Everything in the records must be copied exactly except the pictures.

+ + + + + + +

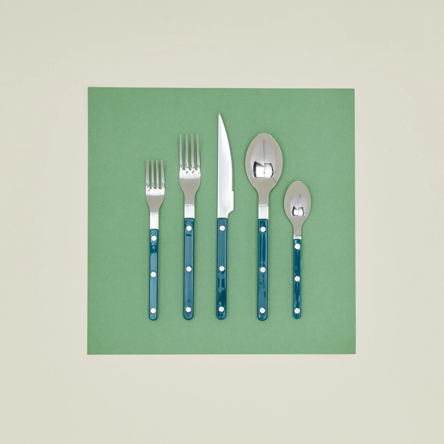- 5-piece set includes dinner knife, salad + dinner forks, and dinner + dessert spoons
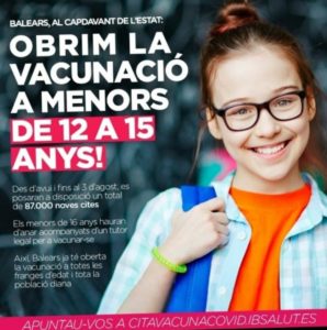 La FFIB, en consonà ncia amb les autoritats sanità ries, anima a tots els menors de 12 a 15 anys, del nostre futbol i futbol sala base balear, a vacunar-se.
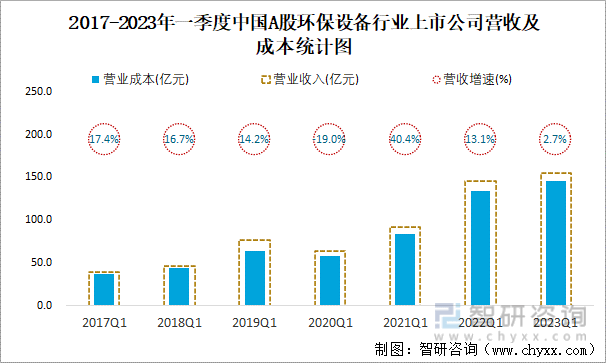 2017-2023年一季度中国A股环保设备行业上市公司营收及成本统计图
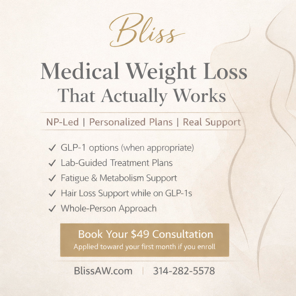 No waiting. Start your journey today via secure telehealth visit or an in-person visit (at Bliss location in Imperial, Missouri) with our Nurse Practitioner.
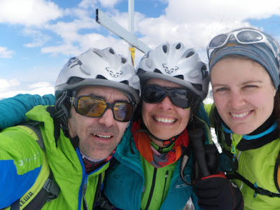 Un cop aqui traiem esquis, i a peu anem progressant per l esmolada cresta, amb cura arribem dalt del estret cim, on amb prou feines caben 3 persones.
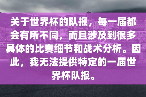 关于世界杯的队报,每一届都会有所不同,而且涉及到很多具体的比赛细节和战术分析。因此,我无法提供特定的一届世界杯队报。
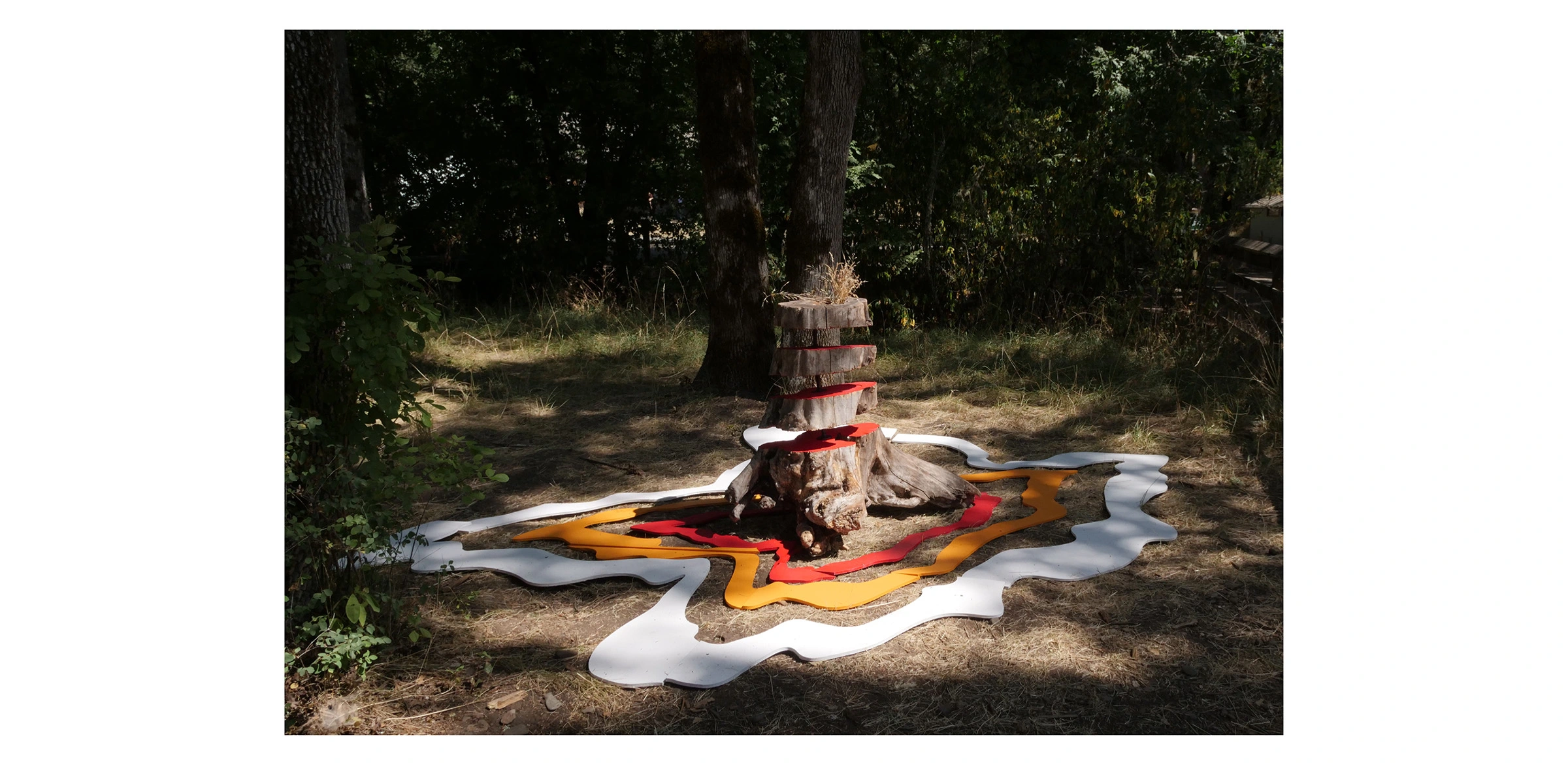 Ripple Effect: A snag is an integral part of a forest ecosystem and has a ripple effect that extends far beyond itself. During its decay or after a fire, it provides energy and habitat for mushrooms, insects, mammals, birds, and many other organisms. This installation reflects recovery after death and the connections that extend past mortality.
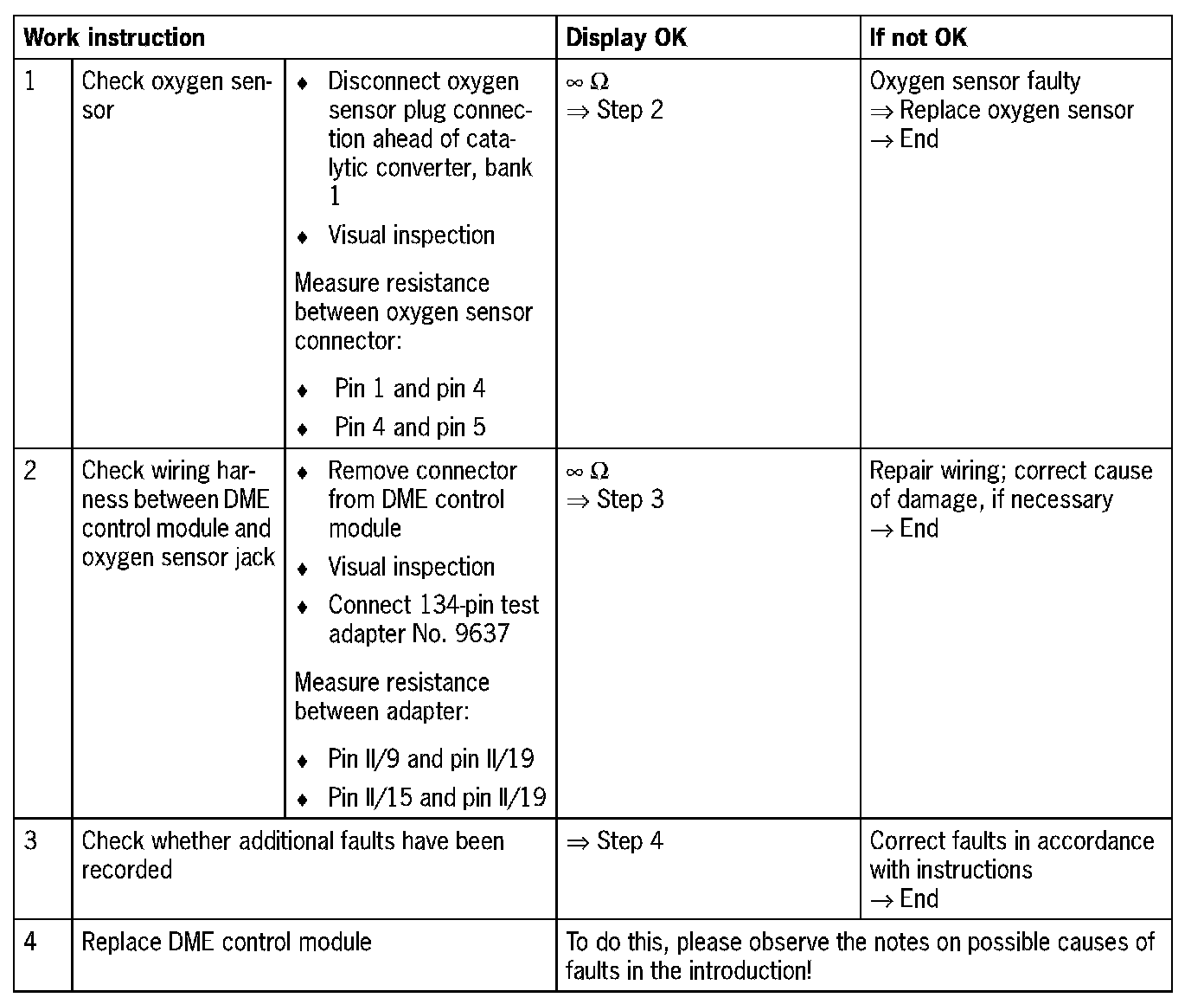 DME control module connector II, pin 9 and oxygen sensor connector after catalytic converter, bank 1, pin 5
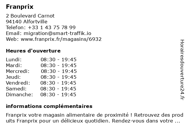 1 Franprix (Distance: 0,54 km) - rue de Londres, 94140 Alfortville alimentation générale, entretien de la maison et de l'hygiène, franprix, franprix magasin, fruits et légumes frais 2 Franprix (Distance: 0,99 km) 146 Rue Étienne Dolet, 94140 Alfortville bibi, carte de fidélité, courses, franprix, magasin, produits frais, programme de fidélité, supermarché, épicerie 3 Franprix (Distance: 0,99 km) 50 Rue Victor Hugo, 94140 Alfortville bibi, carte de fidélité, courses, franprix, magasin, produits frais, programme de fidélité, supermarché, épicerie 4 Franprix (Distance: 1,02 km) 146 rue Dolet, 94140 ALFORTVILLE alimentation générale, entretien de la maison et de l'hygiène, franprix, franprix magasin, fruits et légumes frais 5 Franprix (Distance: 1,74 km) 3 Avenue de la République, 94400 Vitry-sur-Seine bibi, carte de fidélité, courses, franprix, magasin, produits frais, programme de fidélité, supermarché, épicerie 6 Franprix (Distance: 4,09 km) 7-11 Boulevard Paul Vaillant Couturier, 94800 Villejuif bibi, carte de fidélité, courses, franprix, magasin, produits frais, programme de fidélité, supermarché, épicerie |
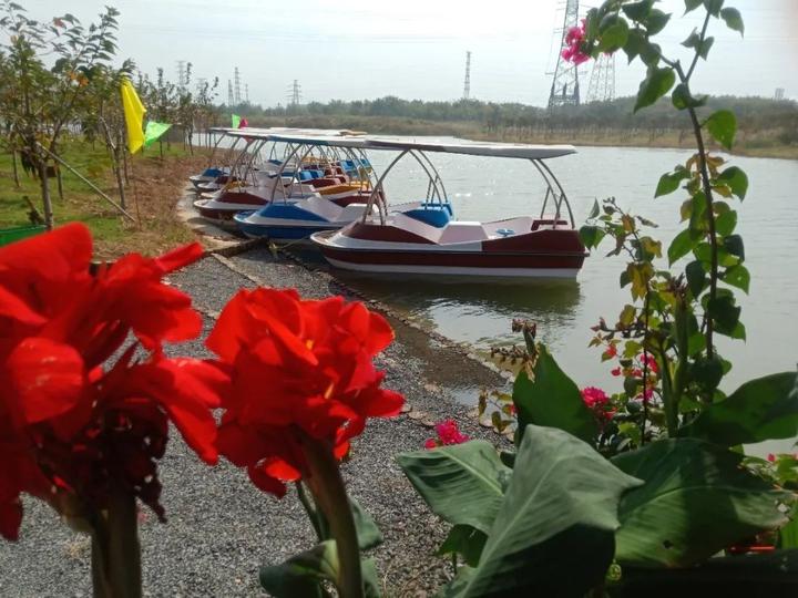 “今年國慶期間,光游輪、蹦蹦床每天有5000多元的經營收入。每逢周末、節假日,村里10余家農家樂家家爆滿。這在以前想都不敢想!”10月20日,記者來到了花園街道新姜村,秋日暖陽下,西棲港碧波蕩漾,湖上船只井然排列,岸邊早櫻枝葉蔥蘢,小木屋旁的蹦床上游客歡樂嬉戲......
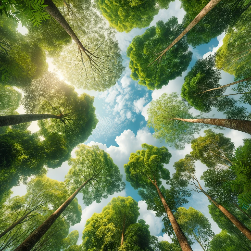 Une vue en contre-plongée de cinq arbres avec un feuillage dense couvrant une grande partie de l'image, donnant l'impression que quelqu'un regarde vers le haut. Le ciel, partiellement nuageux avec une couleur bleu clair, est visible à travers les feuilles. Cette scène ressemble à une belle journée de fin de printemps.
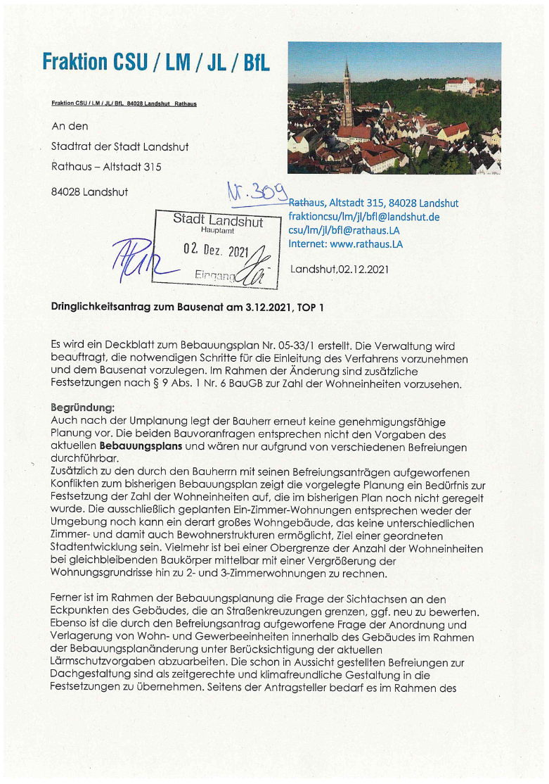 Dringlichkeitsantrag zum Bausenat am 03.12.2021, TOP 1
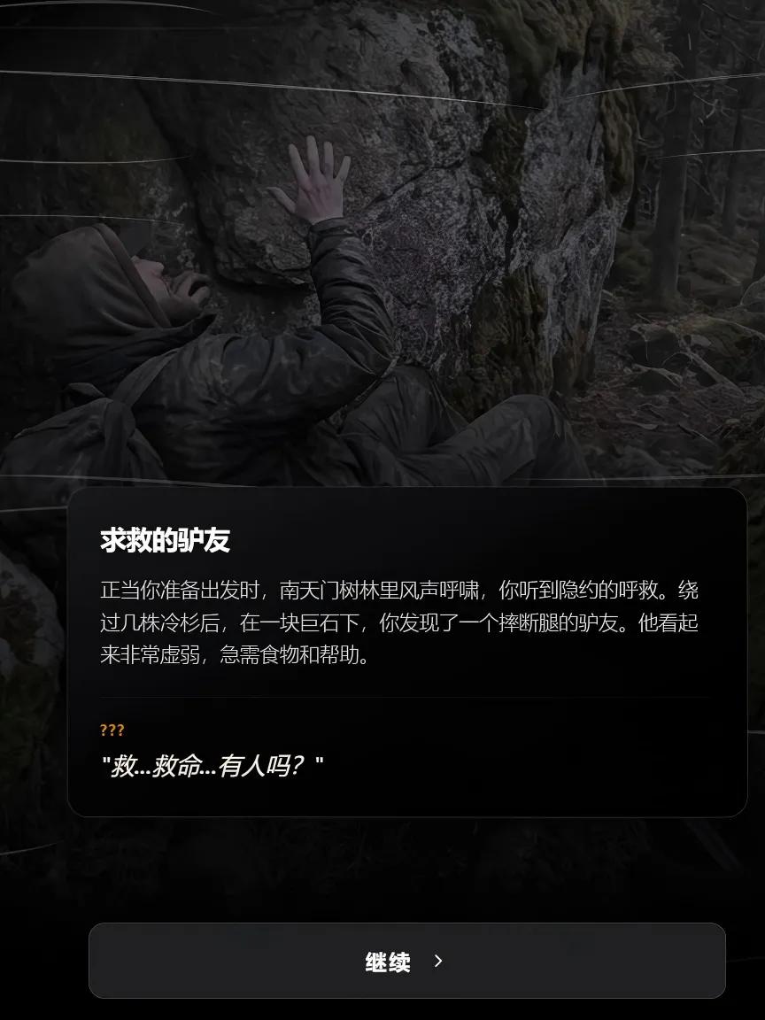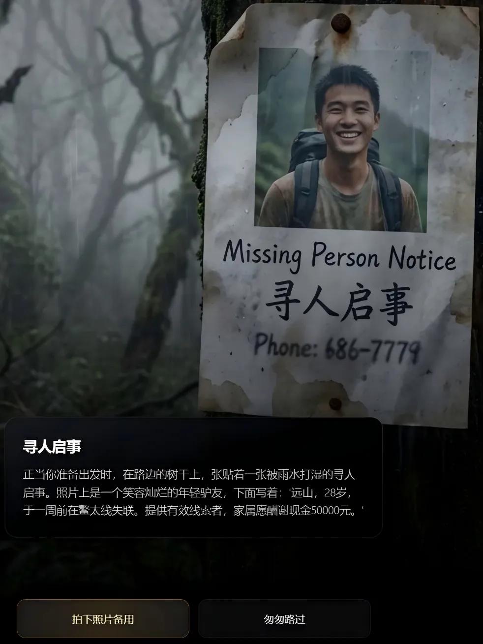 比如在进山开头,玩家会碰到一张寻人启示,说28岁的远山于一周前失联,家属愿意酬谢提供线索者50000元。如果玩家在南天门垭口选择走小路,就会偶遇摔断腿的远山。
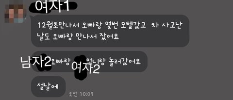 그이후에도 본인들끼리 밀회를 즐기면 3월달에도 부산여행 갈 계획을 짜둔 상황이었음 그걸 피해자1번이 다 확인하고 여자 1번 2번한테 다 듣고 피해자2번에게 연락해 다 오픈한상황에 피해자1번 sns 저격글 올리니 다들 뻔뻔하게 명예훼손으로 고소한다고 큰소리 치는중
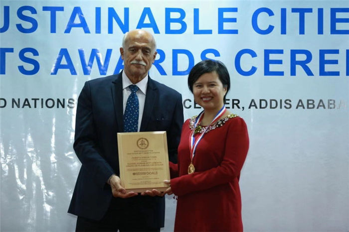 (联合国环境署专家阿拉布·霍巴拉向江宇集团营销公司总监穆蓉倩女士颁发“全球人居环境规划设计奖”)
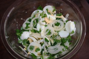 Place onions and parsley in a glass or plastic bowl. Coarsely chop or thinly slice eggs. Place in same bowl. Add lemon, olive oil, sumac and pepper. I don’t use salt but you can if you want to. Lightly toss so as not to smash the eggs.
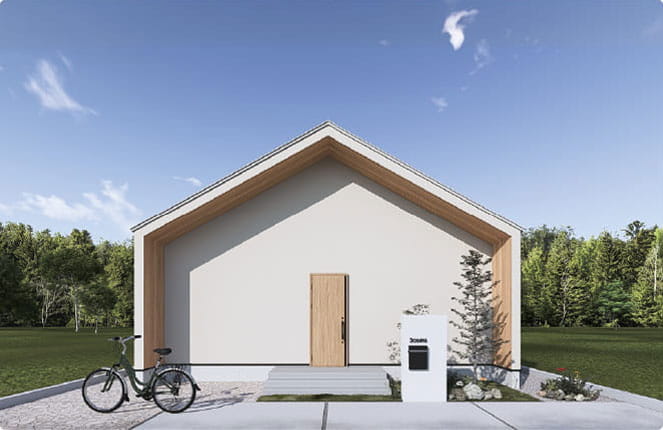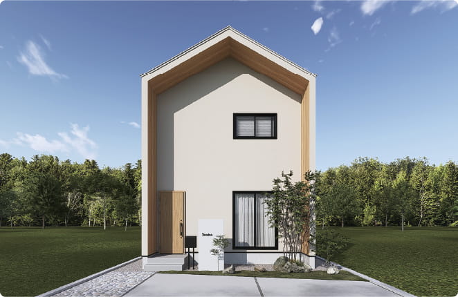天然木とアイボリーのナチュラルカラーでまとめた温かみのある外観。シンプルながらも細部にこだわりが光る仕様。

+ + + + + + +

• Solution to this task:
- 5-piece set includes dinner knife, salad + dinner forks, and dinner + dessert spoons
 La FFIB, en consonà ncia amb les autoritats sanità ries, anima a tots els menors de 12 a 15 anys, del nostre futbol i futbol sala base balear, a vacunar-se.
 2017-2023年一季度中国A股环保设备行业上市公司营收及成本统计图
 No waiting. Start your journey today via secure telehealth visit or an in-person visit (at Bliss location in Imperial, Missouri) with our Nurse Practitioner.
 Un cop aqui traiem esquis, i a peu anem progressant per l esmolada cresta, amb cura arribem dalt del estret cim, on amb prou feines caben 3 persones.
 关于世界杯的队报,每一届都会有所不同,而且涉及到很多具体的比赛细节和战术分析。因此,我无法提供特定的一届世界杯队报。
 Ripple Effect: A snag is an integral part of a forest ecosystem and has a ripple effect that extends far beyond itself. During its decay or after a fire, it provides energy and habitat for mushrooms, insects, mammals, birds, and many other organisms. This installation reflects recovery after death and the connections that extend past mortality.
 DME control module connector II, pin 9 and oxygen sensor connector after catalytic converter, bank 1, pin 5
 1 Franprix (Distance: 0,54 km) - rue de Londres, 94140 Alfortville alimentation générale, entretien de la maison et de l'hygiène, franprix, franprix magasin, fruits et légumes frais 2 Franprix (Distance: 0,99 km) 146 Rue Étienne Dolet, 94140 Alfortville bibi, carte de fidélité, courses, franprix, magasin, produits frais, programme de fidélité, supermarché, épicerie 3 Franprix (Distance: 0,99 km) 50 Rue Victor Hugo, 94140 Alfortville bibi, carte de fidélité, courses, franprix, magasin, produits frais, programme de fidélité, supermarché, épicerie 4 Franprix (Distance: 1,02 km) 146 rue Dolet, 94140 ALFORTVILLE alimentation générale, entretien de la maison et de l'hygiène, franprix, franprix magasin, fruits et légumes frais 5 Franprix (Distance: 1,74 km) 3 Avenue de la République, 94400 Vitry-sur-Seine bibi, carte de fidélité, courses, franprix, magasin, produits frais, programme de fidélité, supermarché, épicerie 6 Franprix (Distance: 4,09 km) 7-11 Boulevard Paul Vaillant Couturier, 94800 Villejuif bibi, carte de fidélité, courses, franprix, magasin, produits frais, programme de fidélité, supermarché, épicerie |
 “今年國慶期間,光游輪、蹦蹦床每天有5000多元的經營收入。每逢周末、節假日,村里10余家農家樂家家爆滿。這在以前想都不敢想!”10月20日,記者來到了花園街道新姜村,秋日暖陽下,西棲港碧波蕩漾,湖上船只井然排列,岸邊早櫻枝葉蔥蘢,小木屋旁的蹦床上游客歡樂嬉戲......
 Une vue en contre-plongée de cinq arbres avec un feuillage dense couvrant une grande partie de l'image, donnant l'impression que quelqu'un regarde vers le haut. Le ciel, partiellement nuageux avec une couleur bleu clair, est visible à travers les feuilles. Cette scène ressemble à une belle journée de fin de printemps.
 Dringlichkeitsantrag zum Bausenat am 03.12.2021, TOP 1
 比如在进山开头,玩家会碰到一张寻人启示,说28岁的远山于一周前失联,家属愿意酬谢提供线索者50000元。如果玩家在南天门垭口选择走小路,就会偶遇摔断腿的远山。
 그이후에도 본인들끼리 밀회를 즐기면 3월달에도 부산여행 갈 계획을 짜둔 상황이었음 그걸 피해자1번이 다 확인하고 여자 1번 2번한테 다 듣고 피해자2번에게 연락해 다 오픈한상황에 피해자1번 sns 저격글 올리니 다들 뻔뻔하게 명예훼손으로 고소한다고 큰소리 치는중
 (联合国环境署专家阿拉布·霍巴拉向江宇集团营销公司总监穆蓉倩女士颁发“全球人居环境规划设计奖”)
 Place onions and parsley in a glass or plastic bowl. Coarsely chop or thinly slice eggs. Place in same bowl. Add lemon, olive oil, sumac and pepper. I don’t use salt but you can if you want to. Lightly toss so as not to smash the eggs.
天然木とアイボリーのナチュラルカラーでまとめた温かみのある外観。シンプルながらも細部にこだわりが光る仕様。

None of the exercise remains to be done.